Робертсон вел машину по трассе А34, не обращая особого внимания на знаки ограничения скорости, и без четверти двенадцать они уже съезжали с Бэнбери Роуд на Нортэм Гарденз, оказавшись, таким образом, у въезда в кампус Оксфордского университета. Еще через пять минут – по кампусу приходилось передвигаться с благопристойной медлительностью – они остановились у величественного здания Модлин Колледжа – колледжа имени святой Марии Магдалины. Этот факт, кашлянув, отметил вслух МакГрегор, добавив:
– Еврей-профессор в колледже имени христианской святой…
– Вам это кажется парадоксальным? – отозвалась Эли.
– Напротив, вполне адекватным, ведь Мария тоже была еврейкой – парировал Артур. – Какой этаж? – поинтересовался он, взбегая по ступенькам, ведущим ко входу в здание.
– Второй, – рапортовала Эли.
И ровно без двух минут двенадцать, миновав ряд дверей, на которых висели мемориальные таблички с именами Эдварда Гиббона, Клайва Льюиса и прочих знаменитостей, некогда преподававших в Модлин Колледже, они оказались у двери с табличкой: «Профессор Арон Коэн». И строчкой ниже: «История Ближнего Востока. Библеистика».
Артур осторожно постучал. Из-за двери раздался скрипучий голос:
– Входите!
МакГрегор открыл дверь, пропуская Эли вперед. Войдя вслед за ней, он увидел сидящего за массивным столом маленького человечка в черной ермолке, со спутанной седой бородой и с небольшими седеющими пейсами.
– Профессор Коэн? – полувопросительно-полуутвердительно произнесла Эли.
– К вашим услугам, мадемуазель.
– Я звонила вам вчера, договариваясь о встрече.
– Помню, помню, – человечек закивал и, бросив взгляд на старинные часы на стене, добавил: – Вы удивительно пунктуальны.
– Мы старались, профессор. Меня зовут Элеутерия Бернажу, а это… мой жених, я говорила вам вчера, что мы приедем вместе…
– Баронет МакГрегор, – с полупоклоном представился Артур.
Коэн наморщил лоб.
– Девятый баронет МакГрегор, – уточнил он.
– Вы абсолютно правы, профессор. Но…
– Но вас удивило, что я это знаю? Не третий, не седьмой?
– По правде говоря, – растеряно произнес Артур.
– В силу профессии я знаком не только с историей Ближнего Востока, но и с общей историей, что включает в себя историю Англии и Шотландии. Кроме того, я был лично знаком с седьмым баронетом МакГрегором, профессором Кембриджа.
– Это был мой дед, – отреагировал Артур.
– Несомненно. И, кроме того, прекрасный ученый и обходительнейший человек.
– Благодарю вас.
– За что же, сэр…Э…
– Сэр Артур.
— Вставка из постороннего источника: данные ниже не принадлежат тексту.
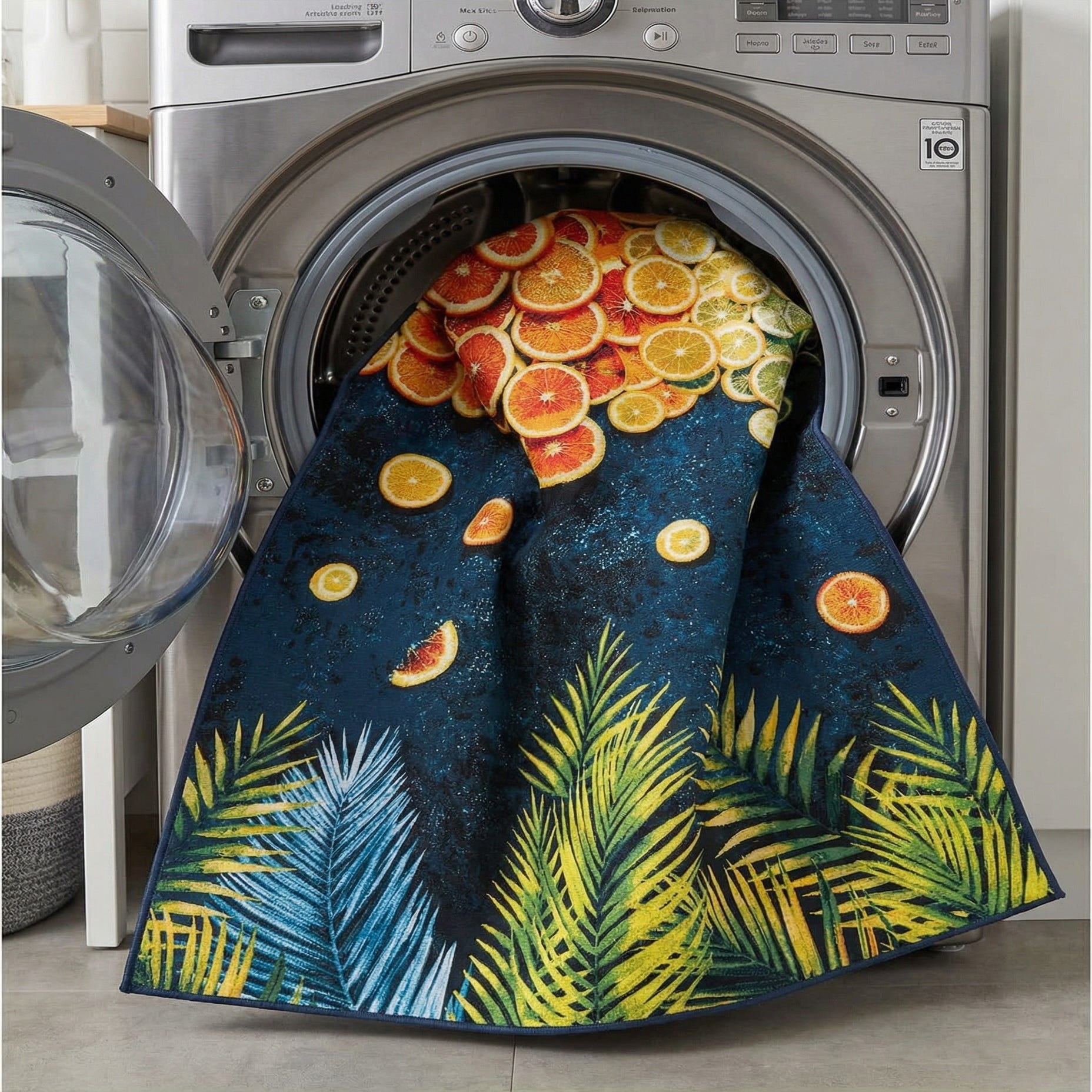 A lively coastal motif blends tropical palm fronds with a piled arrangement of citrus slices across a multi-toned field. Deep navy and black speckling forms the background while palm leaves in green, olive and cool blue arch from the top, and layers of lime, lemon, orange and grapefruit—accented with red and ivory—stack and float toward the bottom. Machine-made from 100% polypropylene, the surface has a low, dense weave that feels smooth underfoot with a subtle texture that holds the printed detail and color saturation well.

Но можно без «сэр».
– Ну разве что учитывая разницу в возрасте, – проскрипел профессор Коэн. – Итак, молодые люди, чем могу быть полезен? Вы, – обратился он к Эли, – вчера по телефону сказали, что это касается трагической истории, происшедшей с профессором Лонгдейлом?
– Совершенно верно, профессор. Я, хотя и работала время от времени ассистенткой Лонгдейла, но не была посвящена во все его интересы…
– И вам хотелось бы знать, – сказал Коэн, но запнулся, встал, и произнеся с досадой: – Что это со мной? – указал на два стула, стоявших у стола по другую сторону от его кресла. – Садитесь, прошу вас. Простите старика, должен был предложить сразу, но, видимо, растерялся, увидев в своей скромной обители представителя столь древнего рода и… такую красавицу… Садитесь же, прошу.
Слушая речь профессора, Артур в положенном месте поклонился, Эли в ответ на «красавицу» сделала подобие книксена. После чего гости сели.
– Итак, вам хотелось бы знать, что привело вашего работодателя ко мне?
– Да, сэр, потому что…
– Можно без сэр, дорогой баронет. Профессор – более чем достаточно.
– Потому что, профессор, – продолжал Артур, – весьма возможно, что Лонгдейл занимался чем-то, что и стало причиной его смерти. Чего он хотел от вас? Что его интересовало? Что он надеялся услышать?
– Профессор показался мне несколько странным человеком, – задумчиво произнес Коэн. – И вследствие этого встреча наша была очень недолгой.
– Он… был довольно эксцентричным человеком, – негромко сказала Эли. – И нередко весьма колючим.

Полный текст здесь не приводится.